Semiconductor Manufacturing Process SPC: Statistical Process Control Mathematics
Keywords: capability, cpk, cp, capability index, six sigma, dpmo, statistical process control, SPC mathematics
Semiconductor Manufacturing Process SPC: Statistical Process Control Mathematics
1. Introduction
Why SPC Mathematics Matters in Semiconductor Fabs
Semiconductor manufacturing operates at nanometer scales across hundreds of process steps, presenting unique challenges:
- High Value: A single wafer can be worth $10,000 to $100,000+
- Tight Tolerances: Process variations of a few nanometers cause yield collapse
- Long Feedback Loops: Days to weeks between process and measurement
- Compounding Variation: Multiple variance sources multiply through the process flow
The mathematics of SPC provides the framework to:
- Detect process shifts before they cause defects
- Quantify and decompose sources of variation
- Maintain processes within nanometer-scale tolerances
- Optimize yield through statistical understanding
2. Fundamental Statistical Measures
2.1 Descriptive Statistics
For a sample of $n$ measurements $x_1, x_2, \ldots, x_n$:
| Measure | Formula | Description |
|---|---|---|
| Sample Mean | $\bar{x} = \frac{1}{n} \sum_{i=1}^{n} x_i$ | Central tendency |
| Sample Variance | $s^2 = \frac{\sum_{i=1}^{n}(x_i - \bar{x})^2}{n-1}$ | Spread (unbiased) |
| Sample Std Dev | $s = \sqrt{s^2}$ | Spread in original units |
| Range | $R = x_{max} - x_{min}$ | Total spread |
2.2 The Normal (Gaussian) Distribution
The mathematical backbone of classical SPC:
$$ f(x) = \frac{1}{\sigma\sqrt{2\pi}} \exp\left(-\frac{(x-\mu)^2}{2\sigma^2}\right) $$
Where:
- $\mu$ = population mean
- $\sigma$ = population standard deviation
- $\sigma^2$ = population variance
2.3 Critical Probability Intervals
| Interval | Probability Contained | Application |
|---|---|---|
| $\pm 1\sigma$ | 68.27% | Typical variation |
| $\pm 2\sigma$ | 95.45% | Warning limits |
| $\pm 3\sigma$ | 99.73% | Control limits |
| $\pm 4\sigma$ | 99.9937% | Cpk = 1.33 |
| $\pm 5\sigma$ | 99.99994% | Cpk = 1.67 |
| $\pm 6\sigma$ | 99.9999998% | Six Sigma (3.4 DPMO) |
2.4 Standard Normal Transformation
Any normal variable can be standardized:
$$ Z = \frac{X - \mu}{\sigma} $$
Where $Z \sim N(0, 1)$ (standard normal distribution).

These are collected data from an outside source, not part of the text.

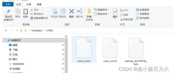 8)工程目录 CORE 是固件库包里面相关的启动文件,其中里面的startup_stm32f10x_hd.s 文件,这里我们我之前已经解释了 不同容量的芯片使用不同的启动文件,我们的芯片STM32F103ZET6 是大容量芯片,所以选择 这个启动文件。
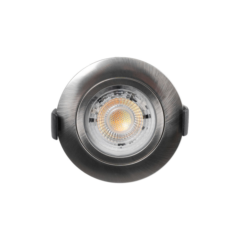 Stały downlight LED o mocy 7 W do użytku zewnętrznego, dostępny w trzech wykończeniach: białym, niklowym i chromowanym.
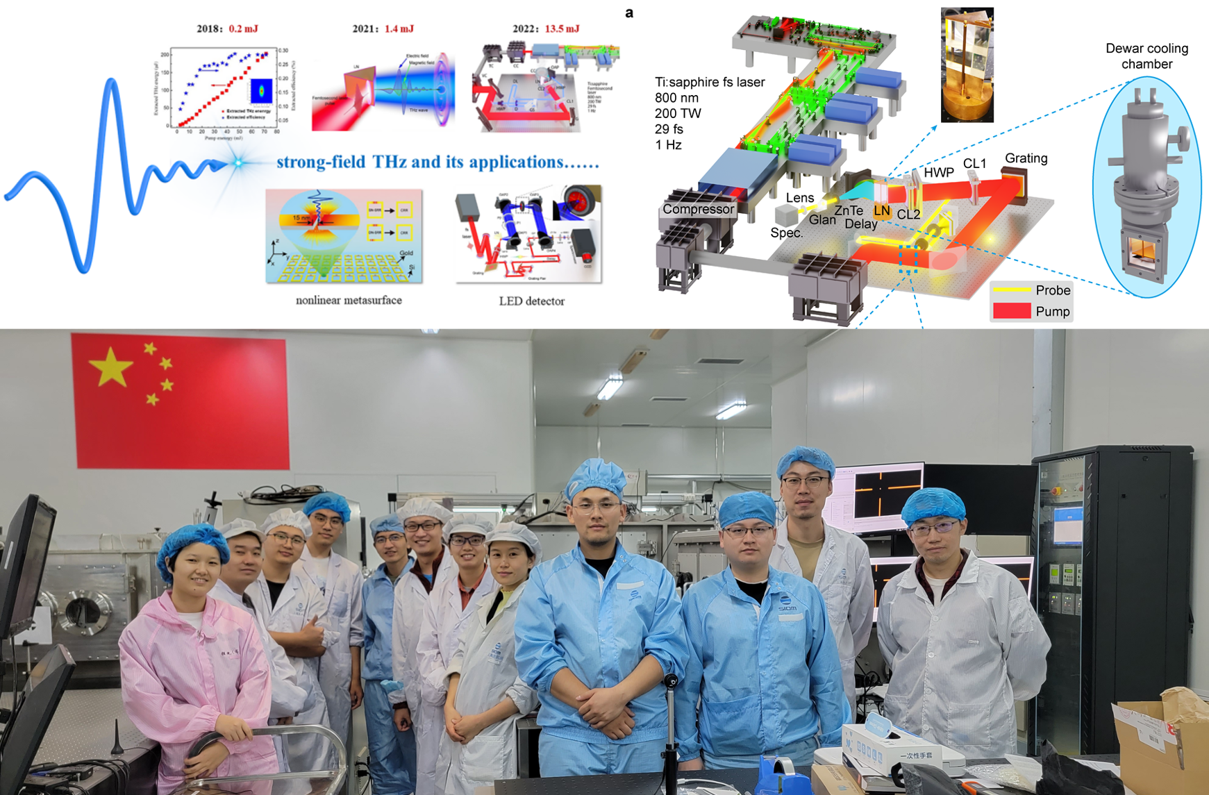 吴晓君老师所研究的太赫兹科学是当前世界科学前沿研究热点,太赫兹技术在航空航天、通信雷达、国家安全、材料科学、生物医疗等领域具有重要的应用价值。产生太赫兹辐射的方法很多,但是要做强却很难。
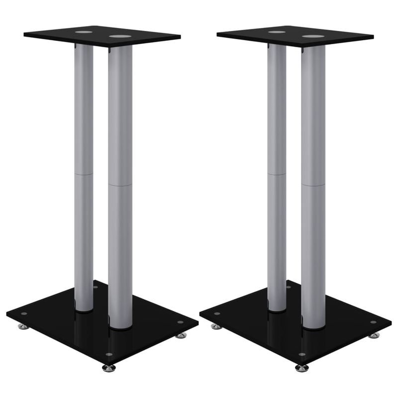 Suport difuzor 2 buc, negru/argintiu sticla securizata 2 stalpi Suport difuzor 2 buc, negru/argintiu sticla securizata 2 stalpi
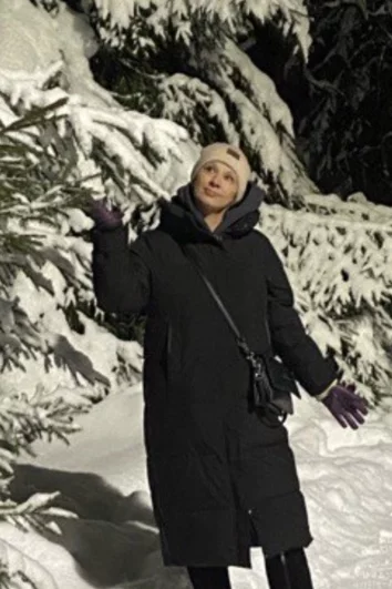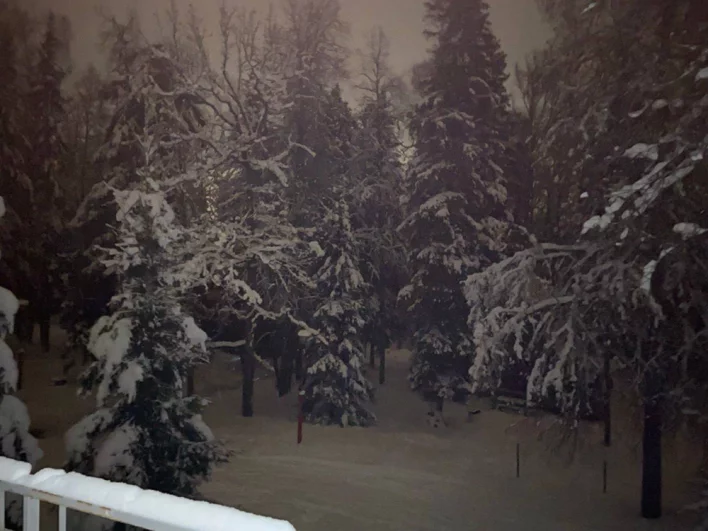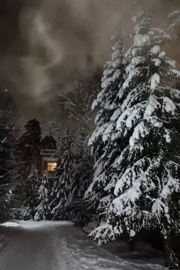 Анна сфотографировала заснеженные ели, в ветвях которых светится уютными огнями домик.

3. Control Chart Mathematics
3.1 Shewhart X̄-R Charts
The workhorse of semiconductor SPC for monitoring subgroup data.
X̄ Chart (Monitoring Process Mean)
$$ \begin{aligned} CL &= \bar{\bar{X}} \quad \text{(grand mean of subgroup means)} \\ UCL &= \bar{\bar{X}} + A_2 \bar{R} \\ LCL &= \bar{\bar{X}} - A_2 \bar{R} \end{aligned} $$
Theoretical basis:
$$ UCL / LCL = \mu \pm \frac{3\sigma}{\sqrt{n}} $$
R Chart (Monitoring Process Spread)
$$ \begin{aligned} CL &= \bar{R} \\ UCL &= D_4 \bar{R} \\ LCL &= D_3 \bar{R} \end{aligned} $$
Control Chart Constants
| $n$ | $A_2$ | $D_3$ | $D_4$ | $d_2$ |
|---|---|---|---|---|
| 2 | 1.880 | 0 | 3.267 | 1.128 |
| 3 | 1.023 | 0 | 2.574 | 1.693 |
| 4 | 0.729 | 0 | 2.282 | 2.059 |
| 5 | 0.577 | 0 | 2.114 | 2.326 |
| 6 | 0.483 | 0 | 2.004 | 2.534 |
| 7 | 0.419 | 0.076 | 1.924 | 2.704 |
| 8 | 0.373 | 0.136 | 1.864 | 2.847 |
| 9 | 0.337 | 0.184 | 1.816 | 2.970 |
| 10 | 0.308 | 0.223 | 1.777 | 3.078 |
3.2 Individuals-Moving Range (I-MR) Charts
Common in semiconductor when rational subgrouping isn't practical (e.g., one measurement per wafer lot).
Individuals Chart
$$ \begin{aligned} CL &= \bar{X} \\ UCL &= \bar{X} + 3 \cdot \frac{\overline{MR}}{d_2} \\ LCL &= \bar{X} - 3 \cdot \frac{\overline{MR}}{d_2} \end{aligned} $$
Where $d_2 = 1.128$ for moving range of span 2.
Moving Range Chart
$$ \begin{aligned} CL &= \overline{MR} \\ UCL &= D_4 \cdot \overline{MR} = 3.267 \cdot \overline{MR} \\ LCL &= D_3 \cdot \overline{MR} = 0 \end{aligned} $$
3.3 EWMA Charts (Exponentially Weighted Moving Average)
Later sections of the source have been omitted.